→ **HOW TO COMPLETE THIS TASK**
Do not include the pictures; repeat the rest of the data exactly.

→ **COLLECTED MATERIAL**

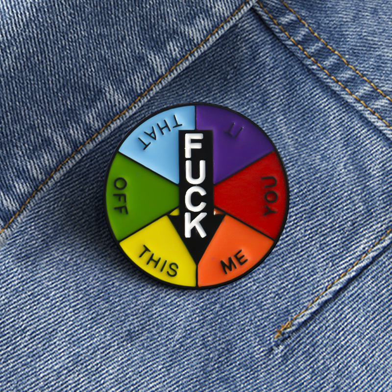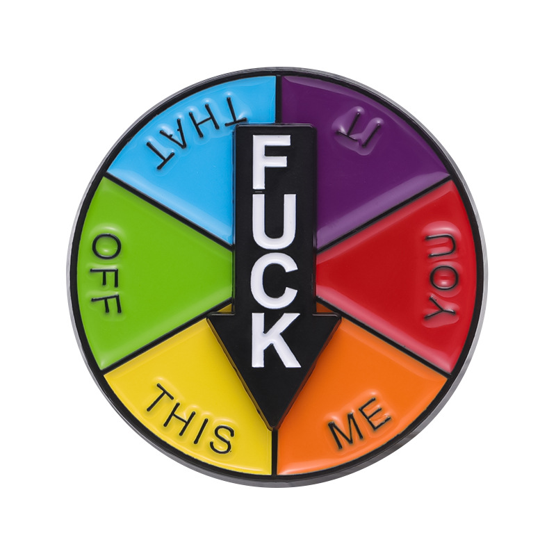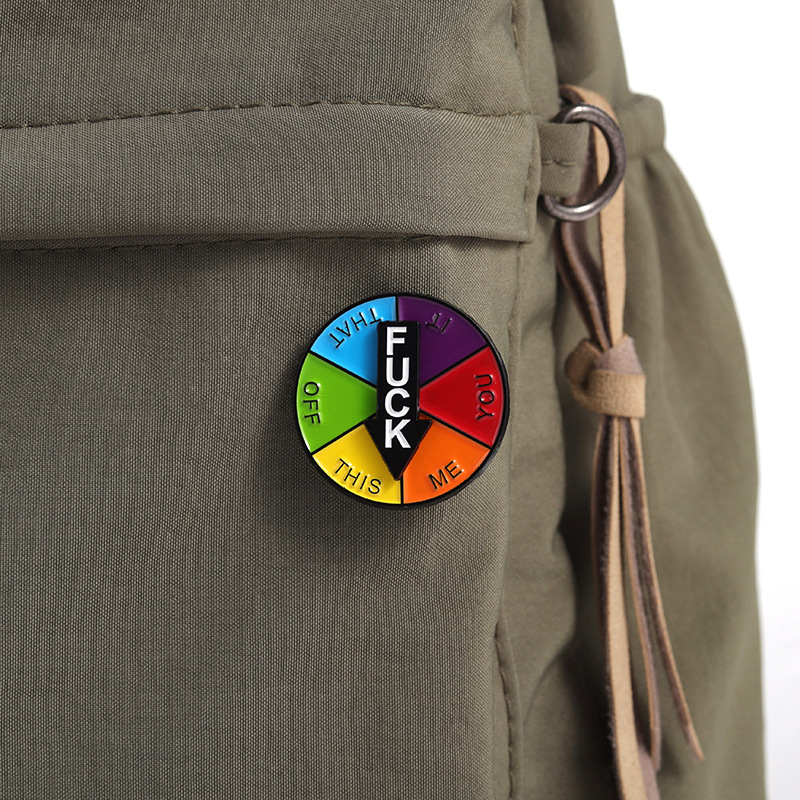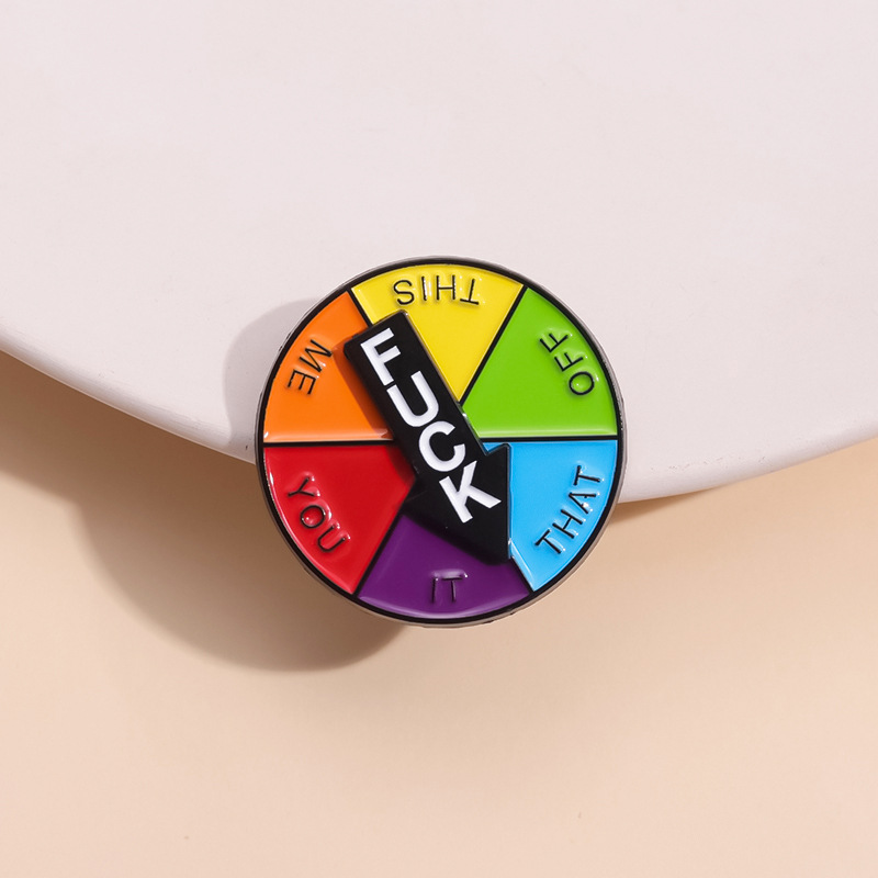 Metalowa, kolorowa przypinka w postaci okrągłej tablicy z obrotową strzłką. Strzałkę można obracać i losować odpowiedź na nurtujący nas problem :-) . Zakończona gumową nakładką na 'pin', która świetnie mocuje przypinkę do garderoby, dobrze przylegając do materiału.
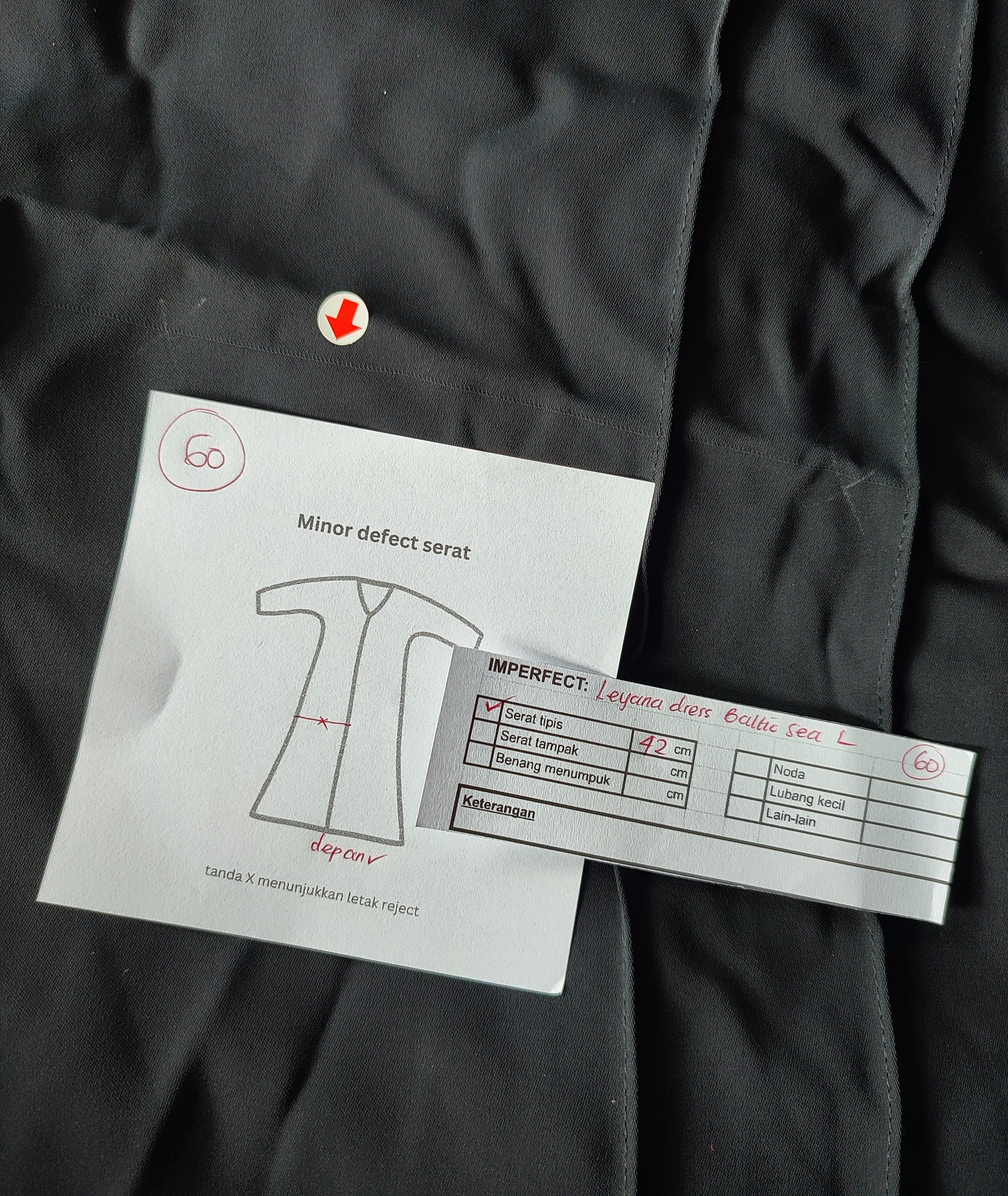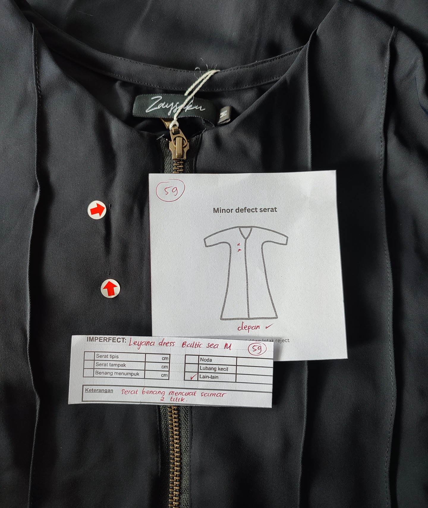 photo includes code, color, size, and defect details.
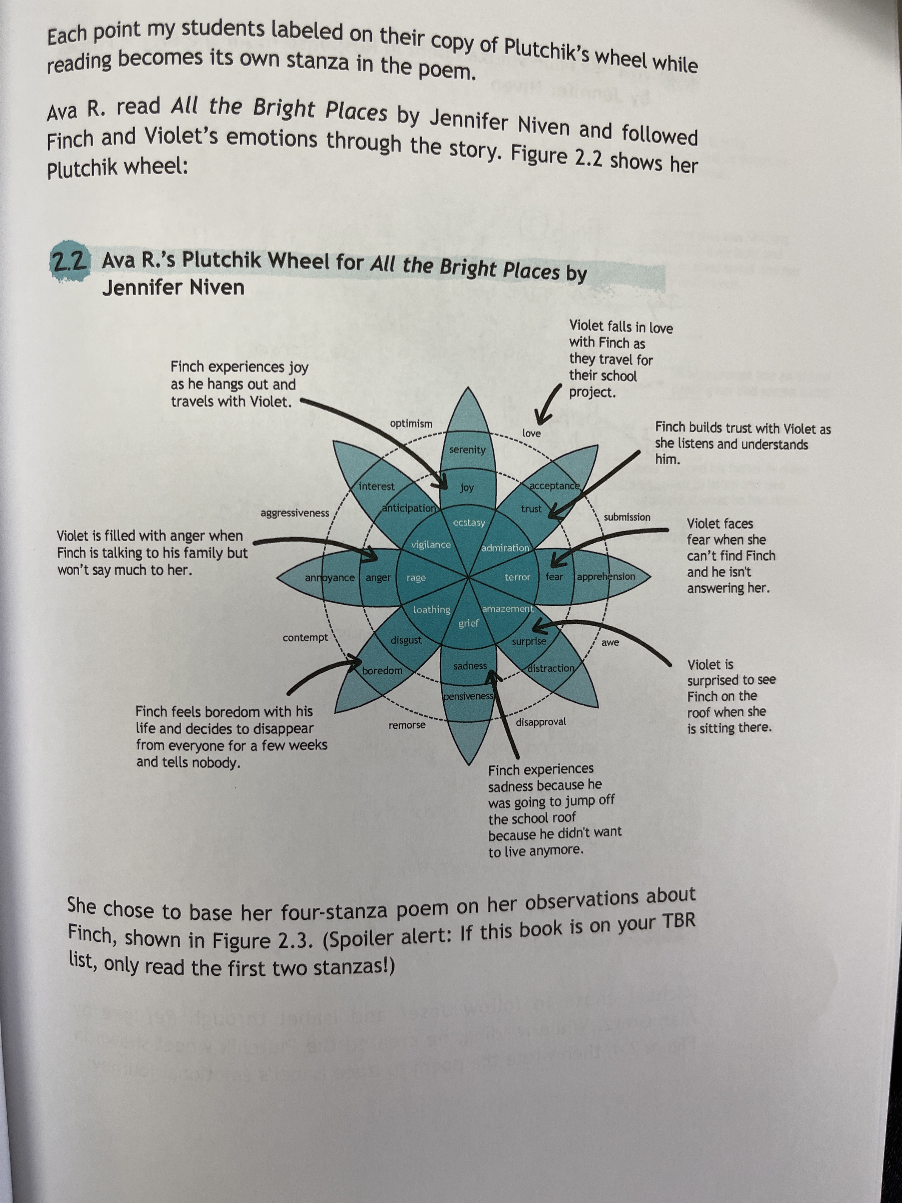 There is even a chapter that shows how students can use Plutchik’s wheel of human emotions to track development through an independent reading novel and eventually lead to literary analysis of the theme of the book, an idea I first explored in this 2020 post on Moving Writers.

→ **TASK OUTPUT**
 Metalowa, kolorowa przypinka w postaci okrągłej tablicy z obrotową strzłką. Strzałkę można obracać i losować odpowiedź na nurtujący nas problem :-) . Zakończona gumową nakładką na 'pin', która świetnie mocuje przypinkę do garderoby, dobrze przylegając do materiału.
 photo includes code, color, size, and defect details.
 There is even a chapter that shows how students can use Plutchik’s wheel of human emotions to track development through an independent reading novel and eventually lead to literary analysis of the theme of the book, an idea I first explored in this 2020 post on Moving Writers.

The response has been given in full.